Reputation: 119
I have a multiline file where on of the lines is:
node:milk1-01|name=milk1-01
So I need to parse this file to search for this line with a blueprint like:
node:________|name=________
Tried to implement this in regex and got confused. Used the below snippet within a loop of reading everyline from the file.
x = re.findall('node:'+'\w+[-]*\d*'+'\\|name='+'\w+-\d*', line)
print(x)
Very new to this concept. Am I doing something wrong? All help is appreciated. Thanks.
Upvotes: 1
Views: 414
Reputation: 957
You are close! Regexes can contain plain text too, so there is no need to concatenate the strings the way you do. Furthermore you seem to separate letters and digits in your try, but the blueprint you provide does not make clear if that is actually necessary. Lastly you don't actually capture any part of your match, you only check if it's there.
import re
line = "node:milk1-01|name=milk1-01"
my_regex = re.compile('node:(.+)\|name=(.+)')
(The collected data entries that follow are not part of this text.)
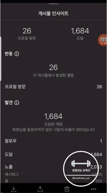 위 예시는 맛집 컨텐츠에 대한 인사이트이고, 캡처 하루 전날 업로드 된 컨텐츠입니다. 맛집컨텐츠는 지역명_아이템 의 해시태그가 굉장히 중요한 아이템이예요. 위의 인사이트 수치를 보면 노출이 2,033인데 해시태그 유입이 1,865 죠? 이 말은 90% 이상이 해시태그 검색을 통해 들어온거라는거죠.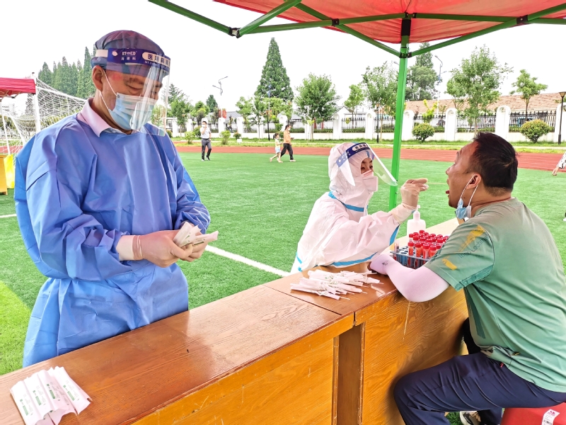 把廣場當(dāng)戰(zhàn)場,在團結(jié)協(xié)作中恪盡職守。早晨五點半,居民們陸續(xù)趕來參加核酸檢測。只見徐加云一身藍色防護服,頭戴隔離面罩,手著橡膠手套,行色匆匆地忙碌在服務(wù)一線。指導(dǎo)掃碼、測量體溫、維持兩米線……看到需要引導(dǎo)的居民,他主動上前做起引導(dǎo)員;遇到腿腳不靈便的老人,他連忙攙扶做起志愿者;碰到哪個點位需要人手,他自愿加入做起服務(wù)員。溫度迅速攀升,衣服早已干了又濕,他卻毫不在意。拿起消毒噴壺,他仔細地為采樣臺、醫(yī)用垃圾箱、人員等候區(qū)等處消毒。為縮短居民等待時間,加快采樣速度,他提前為醫(yī)護人員準備好核酸檢測咽拭子棉簽?!拔沂怯游瘯ぷ魅藛T,這些都是我應(yīng)該做的,更何況我還是一名共產(chǎn)黨員,全心全意為人民服務(wù)是我的職責(zé)?!碑?dāng)被問到辛不辛苦時,他笑著回答道。歷時三小時十分鐘,迎湖廣場檢測點完成樣本采集1080份。核酸檢測高效率的背后,是徐加云的點滴付出,也是一個個共產(chǎn)黨員團結(jié)協(xié)作的結(jié)果。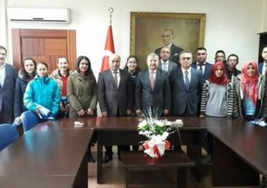 Develi'de TEOG sınavında dereceye giren öğrenciler, öğrenciler İlçe Milli Eğitim Müdürü Ali Arslan ve öğretmenleriyle birlikte Develi Kaymakamı Murat Duru'yu makamında ziyaret etti.
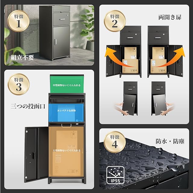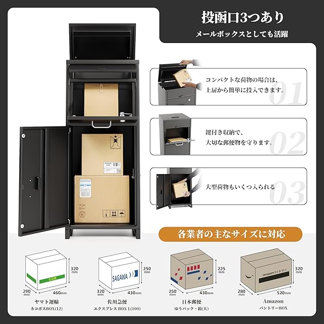 【防水防塵・投函口三つ】Claiksの宅配ボックスであなたの暮らしをもっと便利に!投函口三つであらゆるサイズの荷物もメール類もしっかり収納。両開き構造で設置場所を選ばない。防水・防塵設計で、どんな天候でも安心。盗難防止対策も万全。耐久性抜群で、長く使える宅配ボックスです。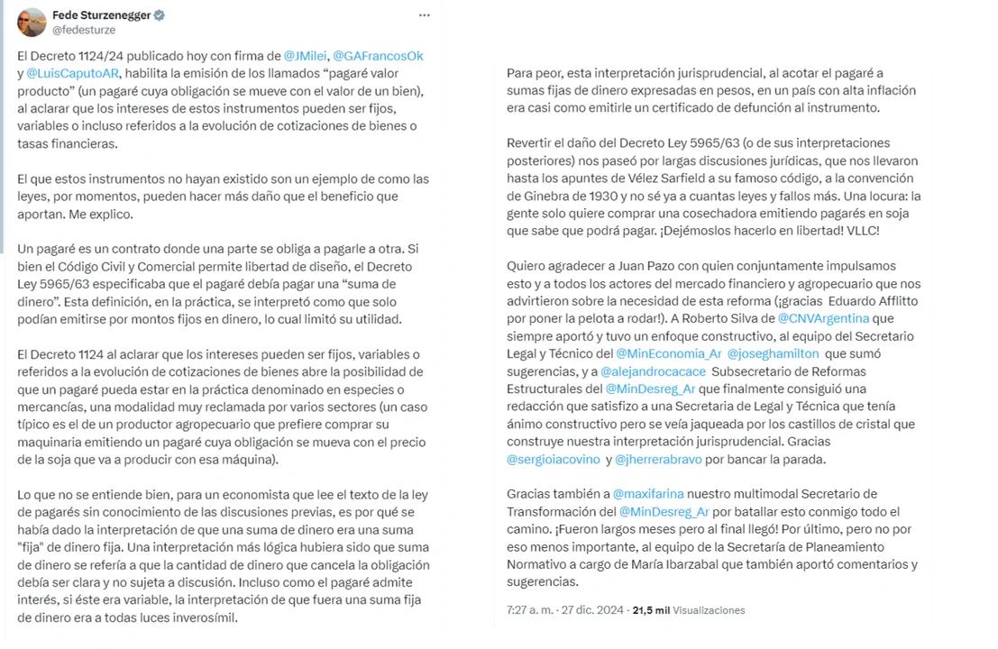 “Un pagaré es un contrato donde una parte se obliga a pagarle a otra. Si bien el Código Civil y Comercial permite libertad de diseño, el Decreto Ley 5965/63 especificaba que el pagaré debía pagar una “suma de dinero”. Esta definición, en la práctica, se interpretó como que solo podían emitirse por montos fijos en dinero, lo cual limitó su utilidad”, explicó el ministro de Desregulación Federico Sturzenegger, en su cuenta de “X”.

matches = re.findall(my_regex, line)
print(matches)
>>> [('milk1-01', 'milk1-01')]
A few things to note:
(...)
: the parentheses are a capturing group. There are two sets, to capture two different parts.
.+
: The .
matches any character; so letters numbers hyphens and other (readable) characters. the +
means to capture one or more of 'them', being the previous character(s) in your regex. but you already got that.
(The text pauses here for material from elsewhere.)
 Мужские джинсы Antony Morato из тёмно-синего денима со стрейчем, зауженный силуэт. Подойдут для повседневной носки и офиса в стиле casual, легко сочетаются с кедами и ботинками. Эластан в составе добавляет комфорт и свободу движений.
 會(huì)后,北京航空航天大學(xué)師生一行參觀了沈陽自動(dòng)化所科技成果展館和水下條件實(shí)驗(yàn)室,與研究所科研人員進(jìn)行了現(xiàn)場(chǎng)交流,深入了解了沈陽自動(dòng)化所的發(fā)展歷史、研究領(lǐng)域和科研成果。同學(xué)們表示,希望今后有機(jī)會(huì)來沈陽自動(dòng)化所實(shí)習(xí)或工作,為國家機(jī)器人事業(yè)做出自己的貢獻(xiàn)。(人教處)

Final pro-tip: Use a service like Regex101 to build and troubleshoot your regexes. You can see what happens live on-screen.
Upvotes: 1
Reputation: 18641
Use
re.findall(r'node:[^|]*\|name=[^|]*', line)
See proof
EXPLANATION
EXPLANATION
--------------------------------------------------------------------------------
node: 'node:'
--------------------------------------------------------------------------------
[^|]* any character except: '|' (0 or more times
(matching the most amount possible))
--------------------------------------------------------------------------------
\| '|'
--------------------------------------------------------------------------------
name= 'name='
--------------------------------------------------------------------------------
[^|]* any character except: '|' (0 or more times
(matching the most amount possible))
Upvotes: 1
Reputation: 26179
Is this perhaps resembling what you're looking for?
>>> import re
>>> line = 'not\nhere\nnode:milk1-01|name=milk1-01\nsomething\n'
>>> re.findall(r'node:.*\|name=.*', line)
['node:milk1-01|name=milk1-01']
Upvotes: 2